┌──

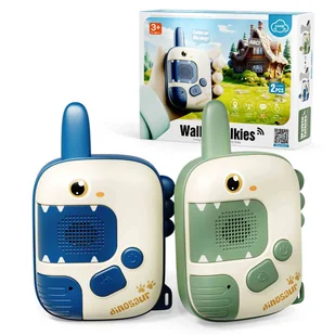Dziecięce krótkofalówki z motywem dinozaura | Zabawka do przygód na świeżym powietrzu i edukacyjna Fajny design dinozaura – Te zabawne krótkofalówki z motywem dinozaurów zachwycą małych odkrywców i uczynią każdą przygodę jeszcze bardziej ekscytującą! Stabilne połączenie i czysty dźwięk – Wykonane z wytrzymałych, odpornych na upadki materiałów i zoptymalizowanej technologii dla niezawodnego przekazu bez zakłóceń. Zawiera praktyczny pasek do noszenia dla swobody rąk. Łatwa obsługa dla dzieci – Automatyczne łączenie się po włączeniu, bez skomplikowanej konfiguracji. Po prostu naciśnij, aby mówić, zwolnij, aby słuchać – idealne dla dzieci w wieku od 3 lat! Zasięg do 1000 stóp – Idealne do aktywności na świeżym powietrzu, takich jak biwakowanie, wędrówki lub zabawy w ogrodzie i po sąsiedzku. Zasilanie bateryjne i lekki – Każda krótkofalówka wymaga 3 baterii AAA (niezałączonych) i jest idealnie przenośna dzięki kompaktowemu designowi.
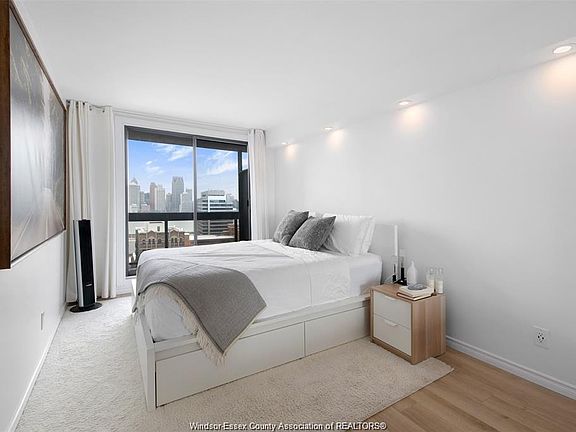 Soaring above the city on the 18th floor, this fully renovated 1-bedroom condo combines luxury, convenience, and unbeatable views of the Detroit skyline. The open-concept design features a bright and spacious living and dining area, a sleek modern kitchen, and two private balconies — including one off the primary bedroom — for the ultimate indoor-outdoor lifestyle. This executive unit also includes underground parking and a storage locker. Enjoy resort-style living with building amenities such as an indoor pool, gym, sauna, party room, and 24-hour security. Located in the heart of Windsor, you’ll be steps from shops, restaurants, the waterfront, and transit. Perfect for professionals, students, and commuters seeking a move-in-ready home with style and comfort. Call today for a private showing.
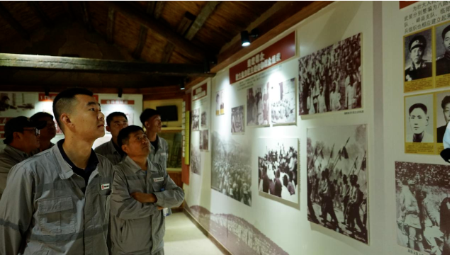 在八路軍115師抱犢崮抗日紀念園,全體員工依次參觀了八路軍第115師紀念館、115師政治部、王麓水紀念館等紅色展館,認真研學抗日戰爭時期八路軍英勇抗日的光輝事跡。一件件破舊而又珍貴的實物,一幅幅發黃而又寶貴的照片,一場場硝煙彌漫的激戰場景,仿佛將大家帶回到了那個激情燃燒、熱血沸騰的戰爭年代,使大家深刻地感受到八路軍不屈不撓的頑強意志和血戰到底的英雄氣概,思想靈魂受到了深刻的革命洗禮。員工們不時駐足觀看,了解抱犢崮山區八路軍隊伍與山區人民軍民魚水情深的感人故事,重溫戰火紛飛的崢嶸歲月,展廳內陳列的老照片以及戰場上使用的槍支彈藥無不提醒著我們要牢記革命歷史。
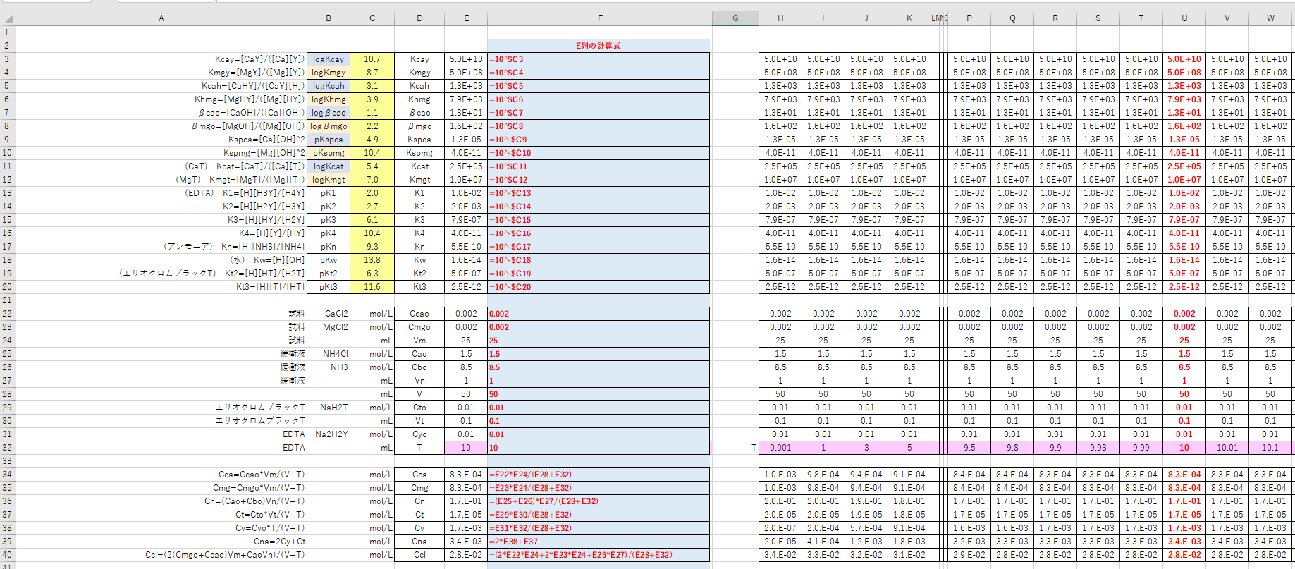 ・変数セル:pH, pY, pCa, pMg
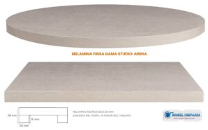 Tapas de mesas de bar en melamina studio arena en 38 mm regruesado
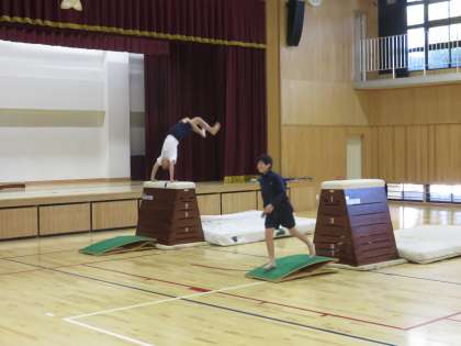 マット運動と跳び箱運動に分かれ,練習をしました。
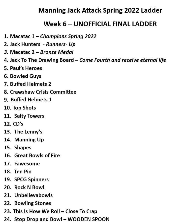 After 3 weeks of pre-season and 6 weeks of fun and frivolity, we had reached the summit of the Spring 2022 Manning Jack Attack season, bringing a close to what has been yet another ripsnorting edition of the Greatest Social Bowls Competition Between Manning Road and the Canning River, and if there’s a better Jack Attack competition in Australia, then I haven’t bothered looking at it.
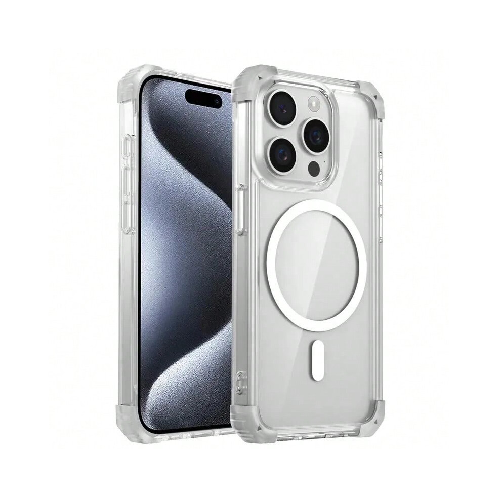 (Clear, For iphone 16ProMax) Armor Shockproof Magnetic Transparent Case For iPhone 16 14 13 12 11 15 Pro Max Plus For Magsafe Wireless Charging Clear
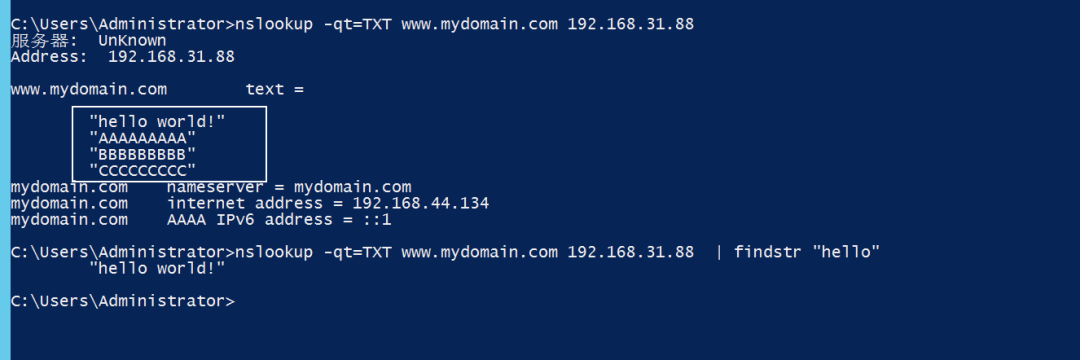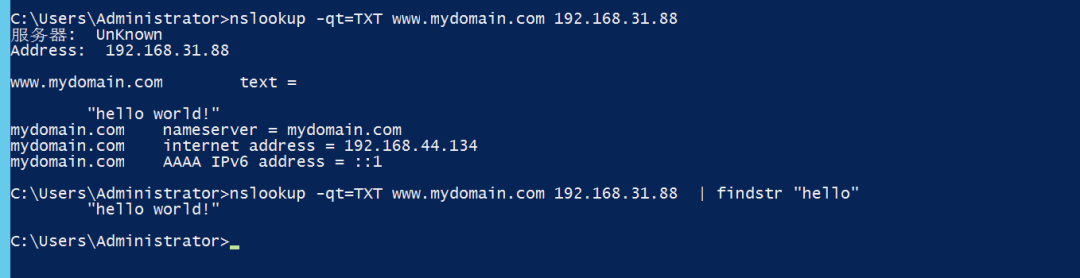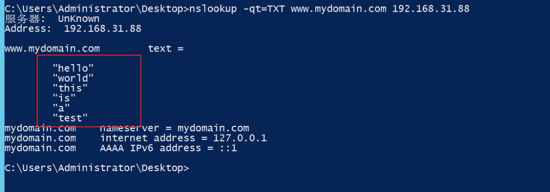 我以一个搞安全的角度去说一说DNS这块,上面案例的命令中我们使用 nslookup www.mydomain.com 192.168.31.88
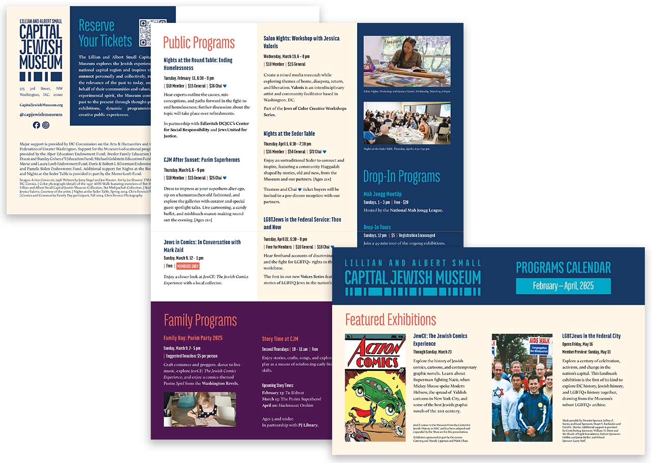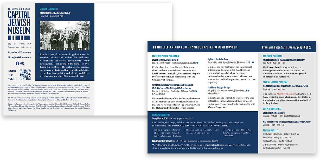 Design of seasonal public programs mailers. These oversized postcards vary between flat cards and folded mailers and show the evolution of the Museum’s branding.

└──

• _Directions for this task_: Nothing but an exact copy belongs in the answer: the lines from the top of the records through the line containing "Soaring above the", minus the pictures.

• _Written solution_:
Dziecięce krótkofalówki z motywem dinozaura | Zabawka do przygód na świeżym powietrzu i edukacyjna Fajny design dinozaura – Te zabawne krótkofalówki z motywem dinozaurów zachwycą małych odkrywców i uczynią każdą przygodę jeszcze bardziej ekscytującą! Stabilne połączenie i czysty dźwięk – Wykonane z wytrzymałych, odpornych na upadki materiałów i zoptymalizowanej technologii dla niezawodnego przekazu bez zakłóceń. Zawiera praktyczny pasek do noszenia dla swobody rąk. Łatwa obsługa dla dzieci – Automatyczne łączenie się po włączeniu, bez skomplikowanej konfiguracji. Po prostu naciśnij, aby mówić, zwolnij, aby słuchać – idealne dla dzieci w wieku od 3 lat! Zasięg do 1000 stóp – Idealne do aktywności na świeżym powietrzu, takich jak biwakowanie, wędrówki lub zabawy w ogrodzie i po sąsiedzku. Zasilanie bateryjne i lekki – Każda krótkofalówka wymaga 3 baterii AAA (niezałączonych) i jest idealnie przenośna dzięki kompaktowemu designowi.
 Soaring above the city on the 18th floor, this fully renovated 1-bedroom condo combines luxury, convenience, and unbeatable views of the Detroit skyline. The open-concept design features a bright and spacious living and dining area, a sleek modern kitchen, and two private balconies — including one off the primary bedroom — for the ultimate indoor-outdoor lifestyle. This executive unit also includes underground parking and a storage locker. Enjoy resort-style living with building amenities such as an indoor pool, gym, sauna, party room, and 24-hour security. Located in the heart of Windsor, you’ll be steps from shops, restaurants, the waterfront, and transit. Perfect for professionals, students, and commuters seeking a move-in-ready home with style and comfort. Call today for a private showing.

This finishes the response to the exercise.